What is a Communication Audit?
Communication Audit, as the name itself suggest, is a systematic and dynamic process which the business undergo, to examine, observe and evaluate the quality and effectiveness of the information flow, as well as to give recommendations and improvements, which are important for the organizational communication, as a whole.
Further, the quality and effectiveness of communication rely on the following:
- Organization Structure: It includes channels and means of communication, in terms of the length of the transmission path.
- Organizational Culture: It encompasses the procedure followed, standard behaviour and language or tone used while communication.
- Communication Assets: It entails the quality and quantity of the transferred message in terms of validity, suitability, completeness and relevance.
- Members involved: It covers the stakeholders involved in the process of communication, be it, employees, managers, or other outside parties such as suppliers, creditors, etc. to know their communication skills.
The nature of the communication audit to be conducted will solely depend on the type of the organization, along with its needs and problems.
Objectives of Communication Audit
The objectives of the communication audit have been boiled down in the points below:
- To diagnose the current communication practices
- To test the consistency in communication.
- To acknowledge the communication barriers and gaps.

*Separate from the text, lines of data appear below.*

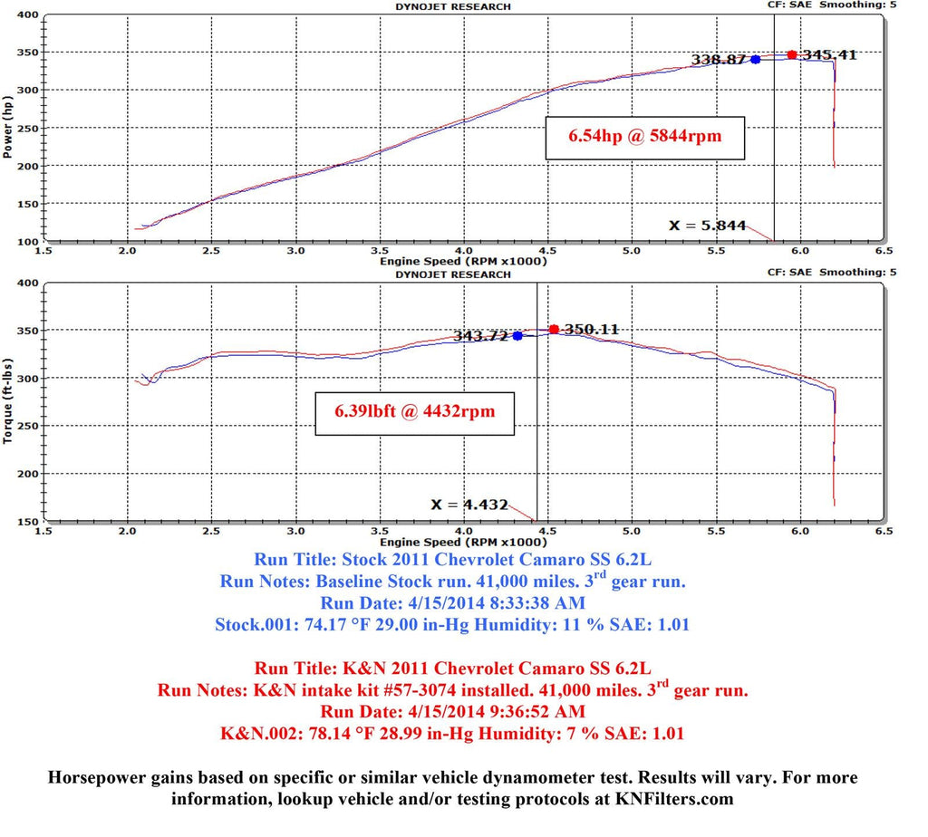 The K&N 57-3074 FIPK air intake system replaces the restrictive factory air filter and air intake tubing while retaining the factory air box on specific Chevrolet Camaro SS models. K&N air intakes are designed to dramatically reduce intake restriction as they smooth and straighten air flow for a guaranteed horsepower gain. This allows your engine to inhale a larger amount of air than the factory air filter and air intake assembly. More air means more usable power and acceleration throughout the engine’s RPM range. This air intake comes with a replacement K&N high-flow air filter and an aerodynamically engineered intake tube that easily connects to your vehicle’s factory air box and throttle body. The air filter can be used for up to 50,000 miles before servicing is needed depending on driving conditions. This air intake system is designed for quick and easy installation with commonly available tools.
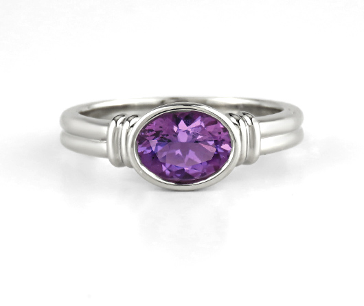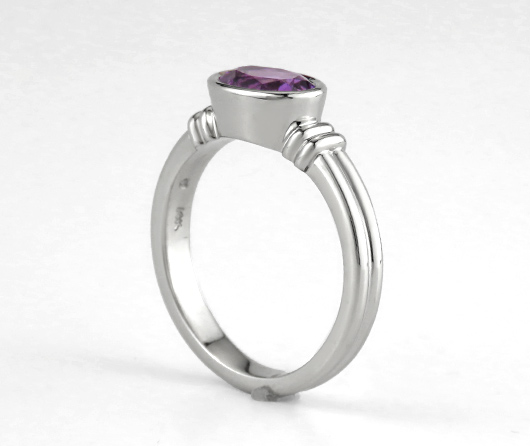 This is a collection is Maine amethyst set in our Lady Captain’s ring, our number one classic lady’s ring design. The center gem is oval or round Maine amethyst. The design has a decades-long mystic appeal. A double band wraps around the finger. The two parallel bars on either side of the center are the captain’s bars. The center gem is set low in a full surround for safety, simplicity, and security. The ring is smooth to the touch and super comfortable.
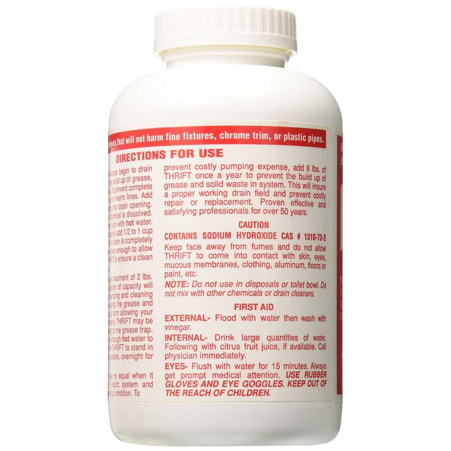 THRIFT CRYSTALS will dissolve Hair, Grease, Soap Scum and most organic gunk in Less than 60 Seconds! Thrift’s Powerful formula is safe for all drain lines and most surfaces and fixtures. THRIFT CRYSTALS can be used in kitchen and bath drain lines, floor drains, grease traps, and Septic systems to keep drain flowing freely.
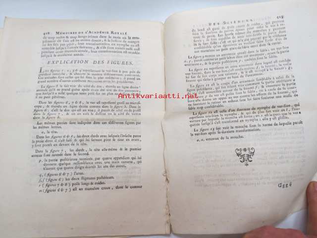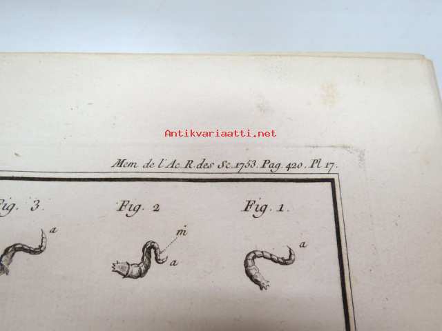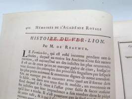 Histoire du Ver-Lion - Mémoires de L´Academi Royale des Sciences -sarjassa v. 1753 ilmestynyt tieteellinen tutkielma, eripainos / painoksen osa ilman erillisiä
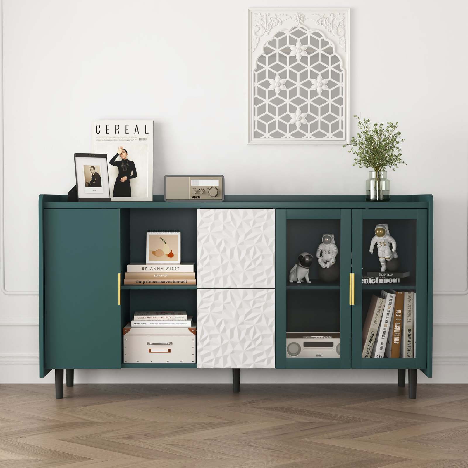 Green Kitchen Pantry Cabinet: 55" Coffee Bar
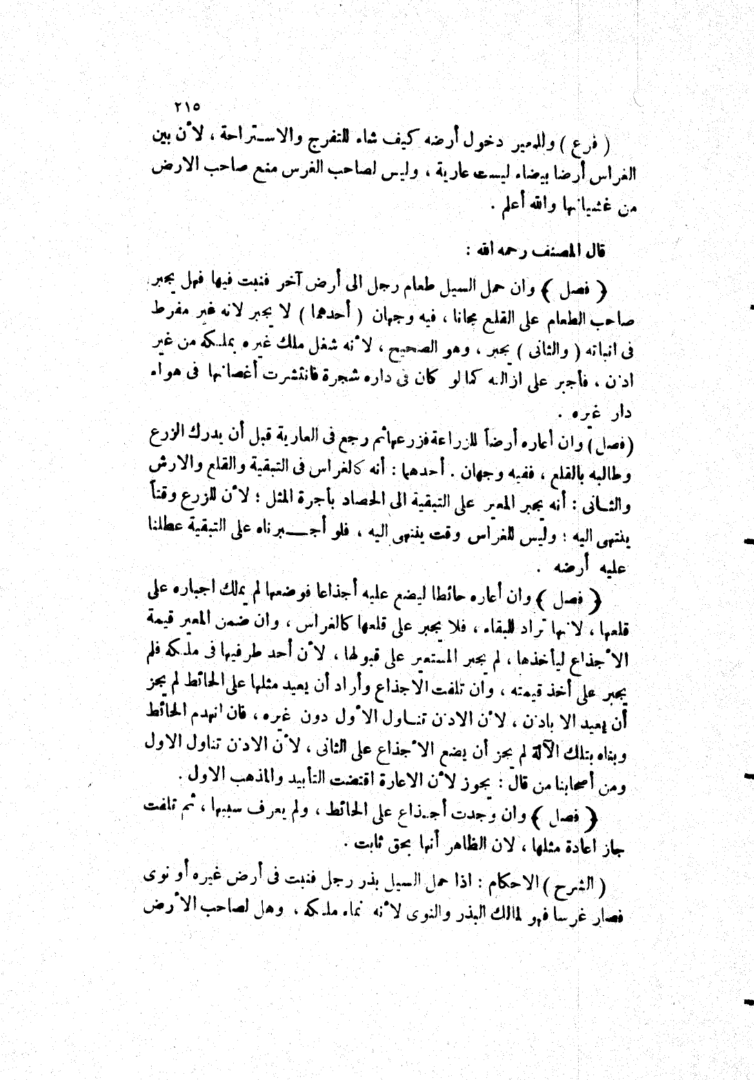 (الشرح) الاحكام: إذا حمل السيل بذر رجل فنبت في أرض غيره أو نوى فصار غرسا فهو لمالك البذر والنوى لانه نماء ملكه، وهل لصاحب الارض

- To check the effectiveness of vertical (upward and downward), horizontal and diagonal communication.
- To measure the satisfaction of employees with internal communication.
- To identify the employee’s role in the process of communication.
In finer terms, it is a comprehensive analysis of the internal and external communication, that takes place in an organization, to ascertain the communication needs, policies, methods and practices.
Need for Communication Audit
We all know that communication takes place internally or externally in an organization. Internal communication involves communication between/with employees, managers, executives, etc. As against external communication is with the clients, customers, suppliers, shareholders, government, media houses, etc.
If the internal communication is faulty, it may result in errors, mistakes, wastages, discouraged staff, and high employee turnover. In the same way, if the external communication is weak, it can badly ruin the reputation and sales of the company.
That is why, communication audit is important as it is not just informative and descriptive but it is also remedial because highlights the snags and gaps in the communication flow and the channels of communication.
It determines the strengths and weaknesses of internal and external communication. It carefully analyses the messages conveyed and the flow of the messages, within and outside the organization and also the way they are interpreted by the members or the outside parties.
Techniques used in the Communication Audit
The seven techniques or methods used to conduct a communication audit are:
- Observations: In this method, the auditor monitors the communication flow and process, in an organization by sitting on the team meetings, interviews, discussions, along with the informal gatherings such as tea breaks, lunches, etc. so as to deeply analyse the communication climate.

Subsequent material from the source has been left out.